Reproduce the full listing below unchanged, apart from the pictures.

# Information shown:
____

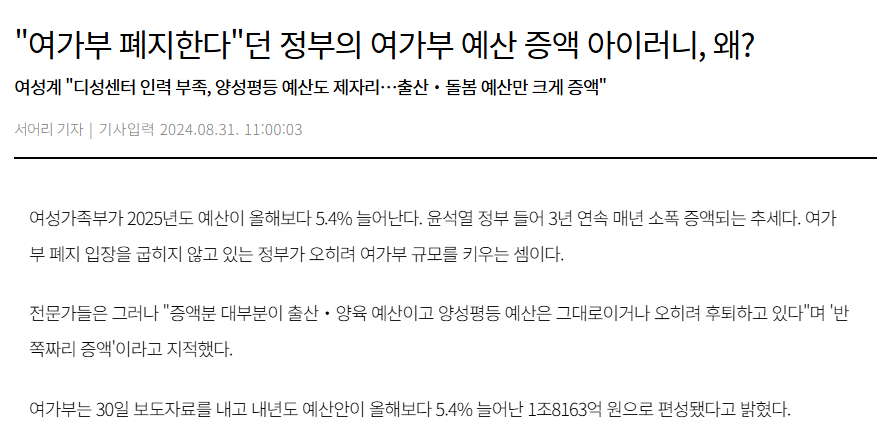 여가부 폐지하라고 20-30대가 뽑아줬더니 , 오히려 증액한 윤쩝쩝
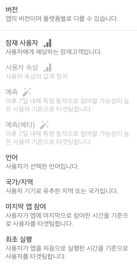 (비활성화되어있는 사용자 속성은 콘솔에서 새로운 사용자 속성을 추가하면 선택할 수 있고, 예측은 콘솔에서 예측을 활성화하면 선택할 수 있습니다.)
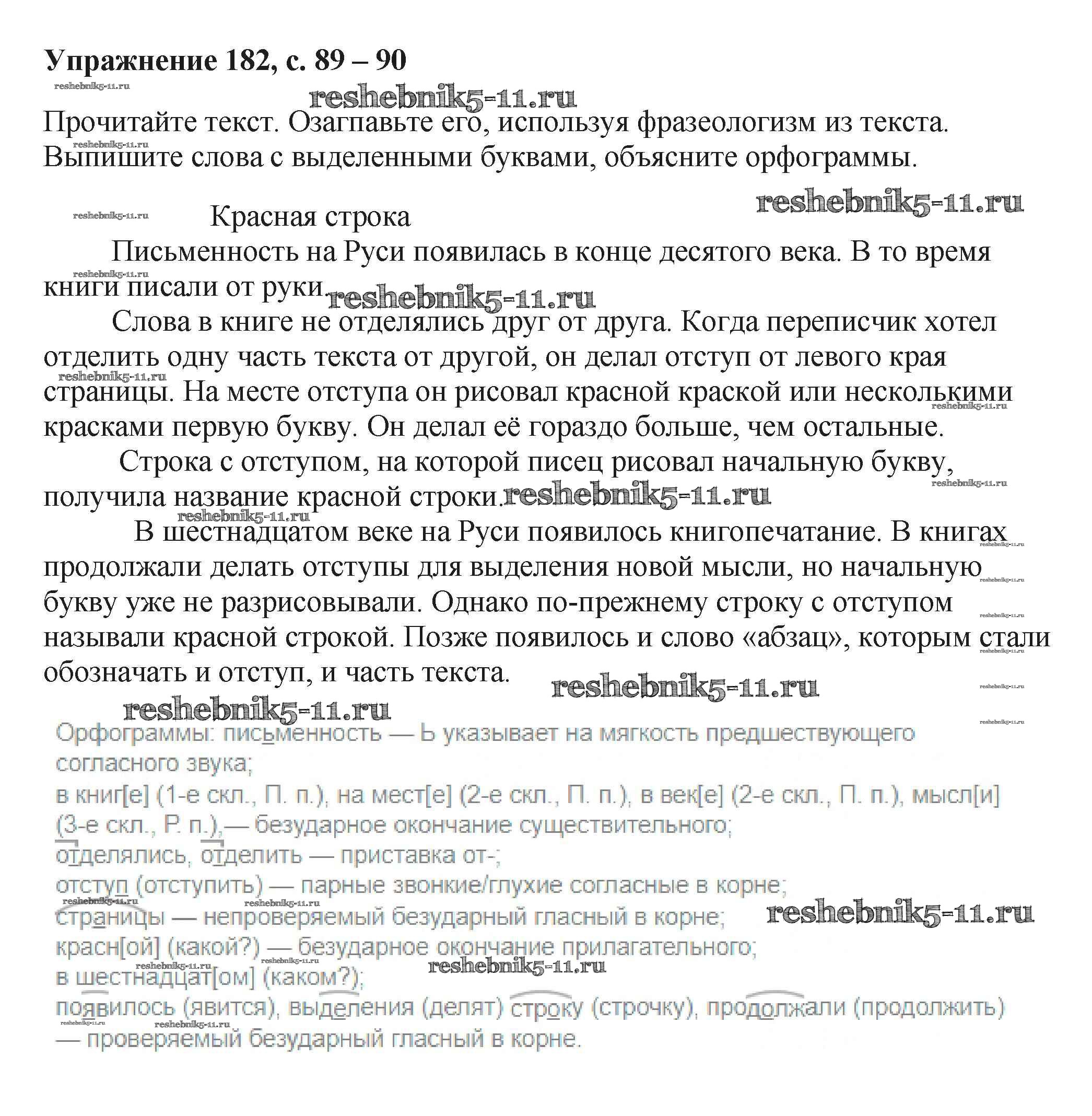 Русский язык за 6 класс Баранов Учебник Просвещение упражнение 182

____

# Answer box:
 여가부 폐지하라고 20-30대가 뽑아줬더니 , 오히려 증액한 윤쩝쩝
 (비활성화되어있는 사용자 속성은 콘솔에서 새로운 사용자 속성을 추가하면 선택할 수 있고, 예측은 콘솔에서 예측을 활성화하면 선택할 수 있습니다.)
 Русский язык за 6 класс Баранов Учебник Просвещение упражнение 182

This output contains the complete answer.